Detecting silence in audio files is an essential capability to ensure correct audio processing. When handling large numbers of files, this can be a cumbersome and time-consuming task to perform manually. I’ve written a script in Swift to automate this job. It uses ffmpeg as a subprocess along with its silencedetect filter. I’ve written the script using Reactive Programming in Swift 3 and RxSwift. It’s capable of relatively fast, recursive scanning of huge numbers of files given a single starting point while reliably reporting all of its results to the console.

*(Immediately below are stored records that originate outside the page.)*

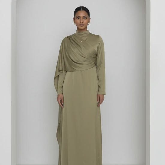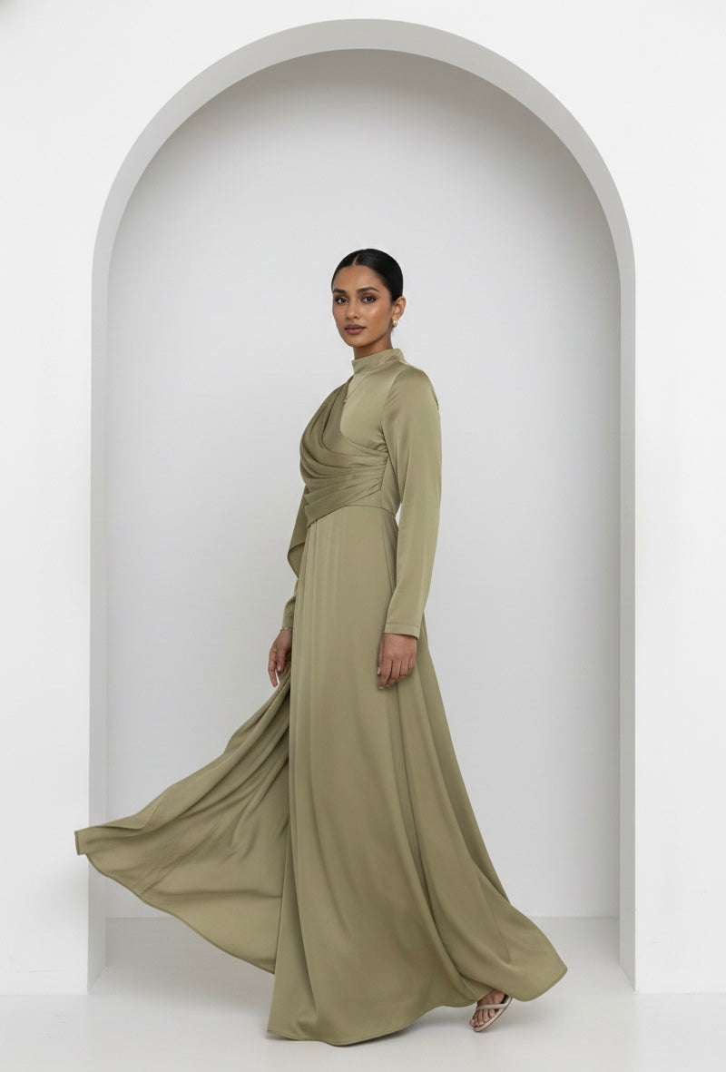 Elevated modesty with effortless movement. Our Side-Swept Drape Dress features a beautifully sculpted drape across the bodice that flatters the waist and flows into a full, graceful skirt. Designed with a high neckline and long sleeves, this piece blends timeless elegance with a modern silhouette.
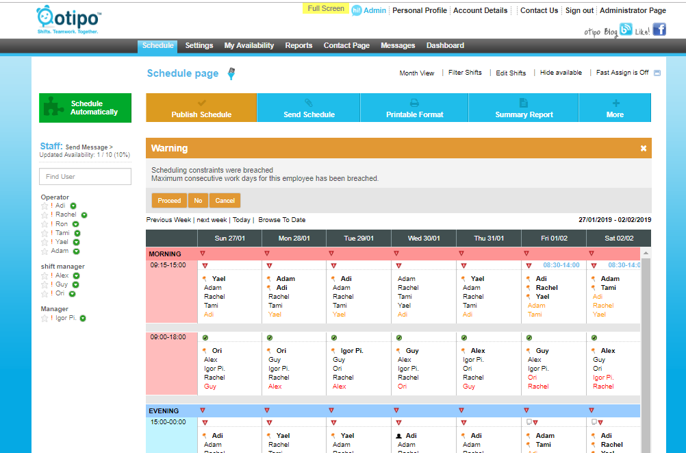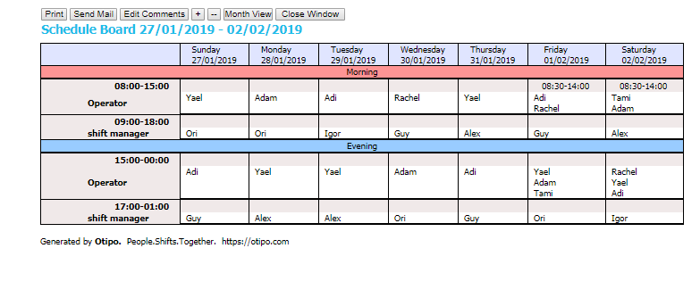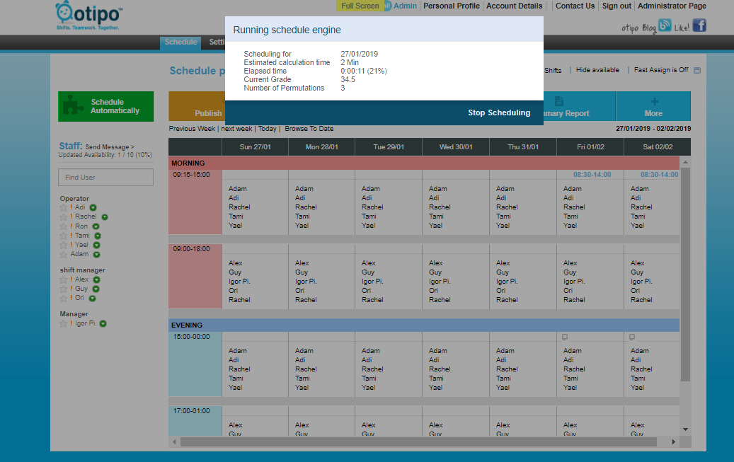 צוות הפיתוח שלנו יצר אלגוריתם חכם ל- Otipo אשר משקלל את כל הנתונים והדרישות שמוזנים אליו ויוצר סידור עבודה אולטימטיבי. 70%-90% מעבודת השיבוץ נעשית על ידי האלגוריתם שמשקלל את הנתונים שהוכנסו למערכת. השאר נתון בידי המנהל. הסידור הזה הינו גמיש וניתן לשינוי ולעריכה בכל זמן ומאפשר לראות בזמן אמת איך משפיעים השינויים על כל הסידור. יתרה מכך, כאשר מתבצעים שינויים אשר ״מפרים״ את החוקים שהוכנסו למערכת מראש בעת ההקמה, היא מתריעה על כך.
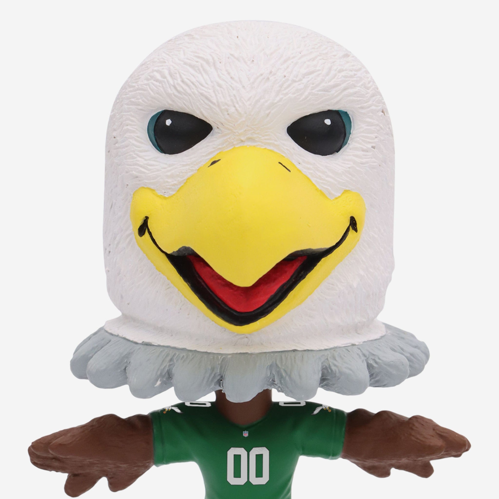 What's old is new again on the Philly gridiron. Switch up your favorite mascot’s threads with this Swoop Philadelphia Eagles Kelly Green Uniform Field Stripe Mascot Mini Bighead Bobblehead.
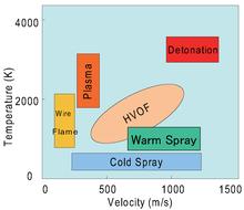 - ^ a b c d e f g h i Kuroda, Seiji; Kawakita, Jin; Watanabe, Makoto; Katanoda, Hiroshi (2008). "Warm spraying—a novel coating process based on high-velocity impact of solid particles". Sci. Technol. Adv. Mater. 9 (3): 033002. doi:10.1088/1468-6996/9/3/033002. PMC 5099653. PMID 27877996.

This project is somewhat experimental since Mac command line tools do not yet have full support for linking external frameworks. The libraries for Swift still cannot be statically linked. Anything else containing Swift code cannot be built as a static framework. If a framework containing Swift code is linked, an external source of the Swift libraries must be provided. Thus, there is a high barrier to writing Swift scripts with RxSwift, but it is one that can be overcome.

The choice to use reactive programming for this script was made due to the streaming nature of processing files and handling of audio data as streams. I had this dream where everything is a stream 😊. I will cover more aspects of reactive programming in a future tutorial.

Silence

The following silence cases are supported:

  1. Silence occurring at the beginning of audio.
  2. Silence occurring in the middle of audio.
  3. Silence occurring at the end of audio.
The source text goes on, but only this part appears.